数据集成功能使Oracle Data Integrator能够将不同数据源的数据整合在一起,形成统一的数据视图。数据抽象层则通过隐藏底层数据源的复杂性,提供统一的数据访问接口。实时数据访问功能使用户能够在不复制数据的情况下,直接访问和查询数据源中的数据,从而提高数据的及时性和准确性。

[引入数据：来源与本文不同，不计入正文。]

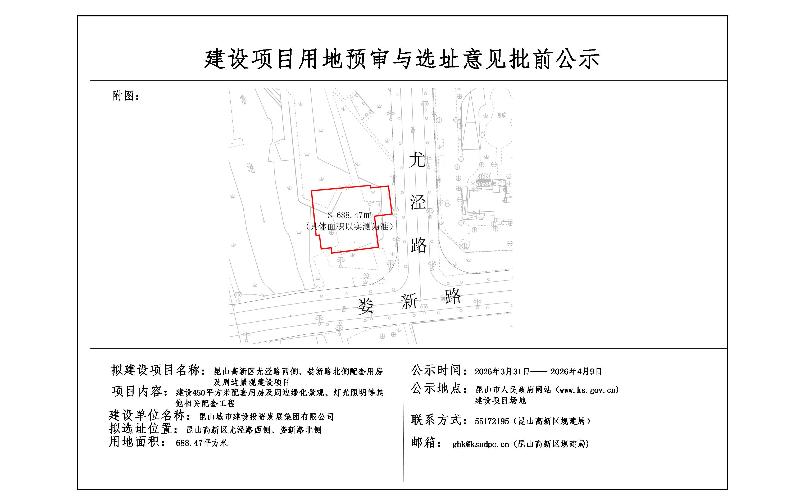 昆山高新区尤泾路西侧、娄新路北侧配套用房及周边景观建设项目用地预审与选址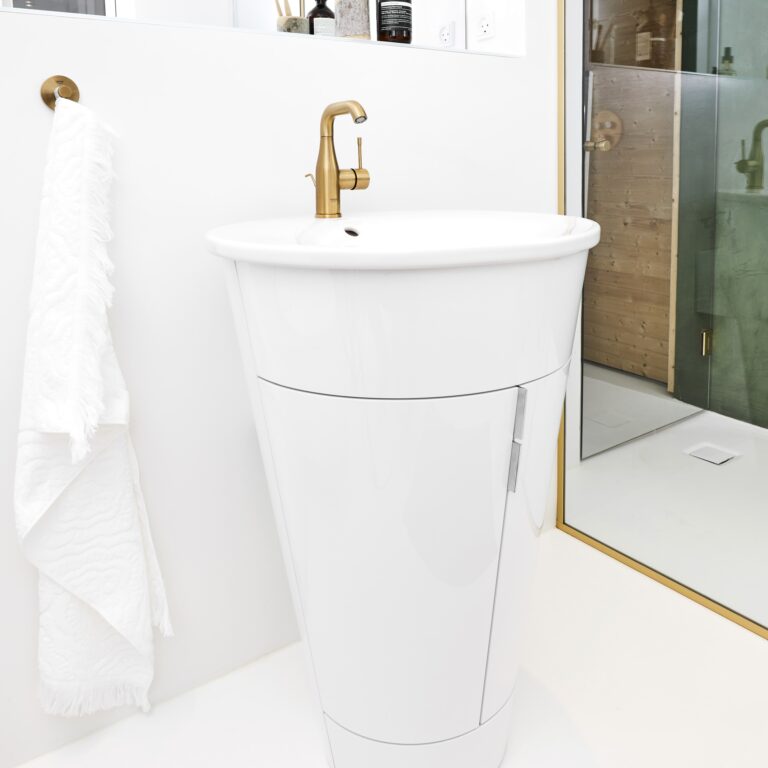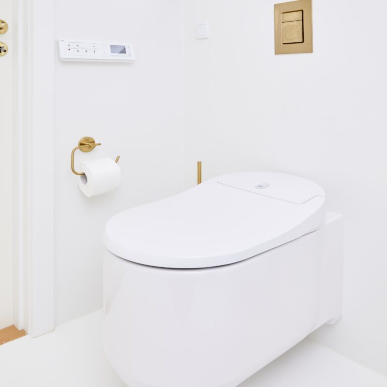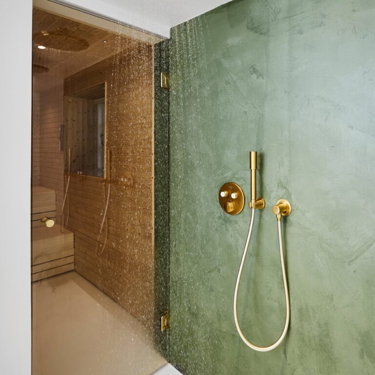 De lyse overflader danner en charmerende kontrast til de farverige accenter, hvilket skaber en luksuriøs atmosfære af forkælelse. Her kan man varme op i saunaen og køle ned i en brusebad, der simulerer en kølig sommerregn. Den minimalistiske elegance fremhæves af de rene linjer på gulve fra Jensen Gulve Aps og ubrudte flader, lette at vedligeholde takket være afløb og glas-skraber fra Unidrain, samt gulvvarmesystemet fra Roth Clime Comfort.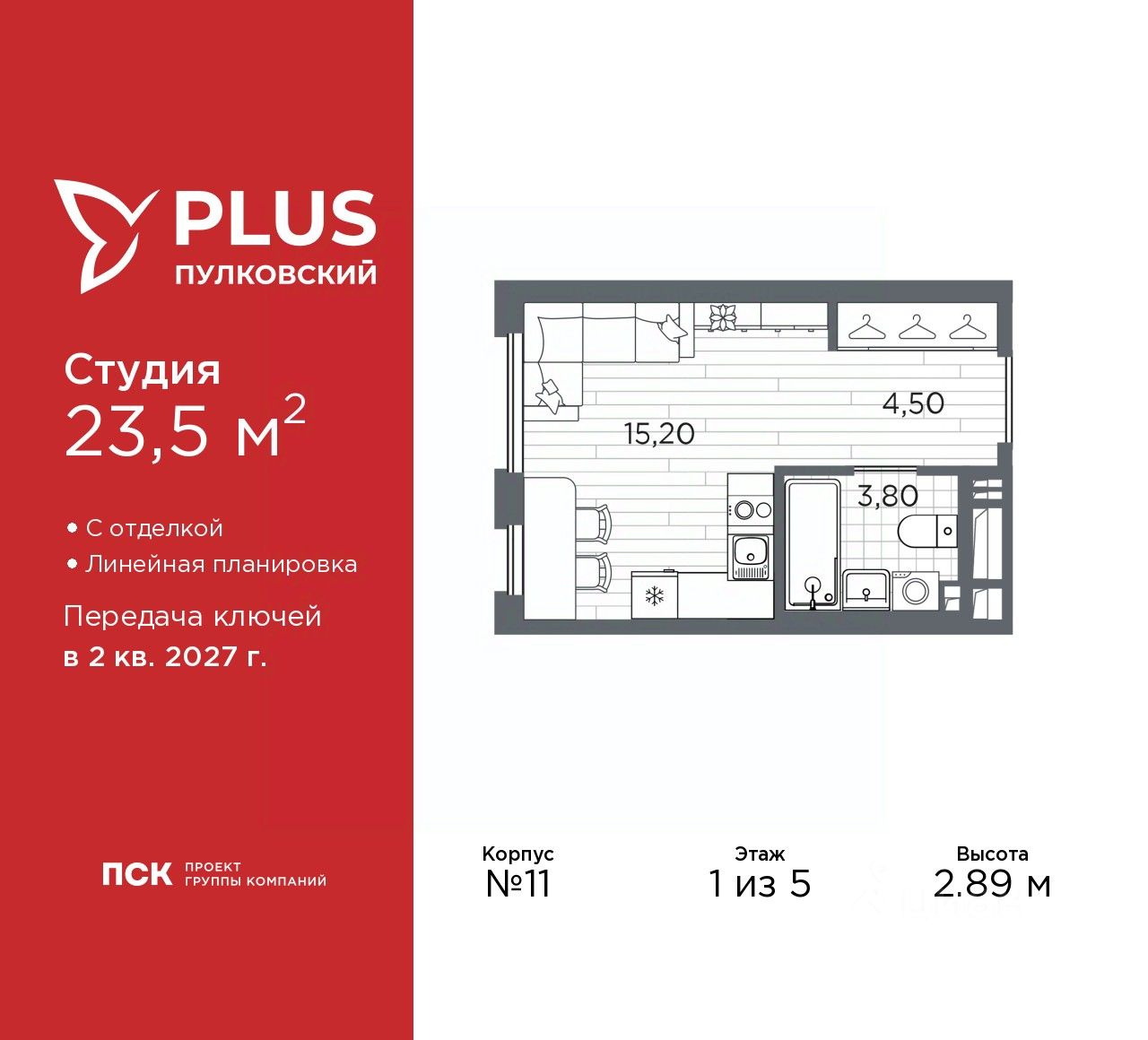 Просторная 1-комн. квартира-студия с отделкой в ЖК ''PLUS Пулковский'' на 1 этаже. Общая площадь: 23.5 кв.м., площадь гостиной 15.2 кв.м., из которых 5 кв.м. выделено под кухонную зону. Все окна выходят на одну сторону. В квартире один совмещенный санузел. Высота потолков 2.89 м.

数据安全和治理功能则通过提供访问控制、数据加密、数据审计等手段,保障数据的安全性和合规性。数据质量管理功能则通过提供数据清洗、数据匹配、数据标准化等手段,提高数据的质量和一致性。

八、SAP HANA SMART DATA INTEGRATION

SAP HANA Smart Data Integration是一种高效的数据虚拟化和集成平台,旨在通过统一的数据访问和集成,帮助企业实现数据驱动的决策。SAP HANA Smart Data Integration支持多种数据源和数据格式,能够实现实时的数据整合和访问。其核心特性包括数据集成、数据抽象、实时数据访问、数据安全和治理、数据分析和可视化等。

数据集成功能使SAP HANA Smart Data Integration能够将不同数据源的数据整合在一起,形成统一的数据视图。数据抽象层则通过隐藏底层数据源的复杂性,提供统一的数据访问接口。实时数据访问功能使用户能够在不复制数据的情况下,直接访问和查询数据源中的数据,从而提高数据的及时性和准确性。数据安全和治理功能则通过提供访问控制、数据加密、数据审计等手段,保障数据的安全性和合规性。数据分析和可视化功能则通过提供强大的数据分析和可视化工具,帮助用户深入理解数据,支持数据驱动的决策。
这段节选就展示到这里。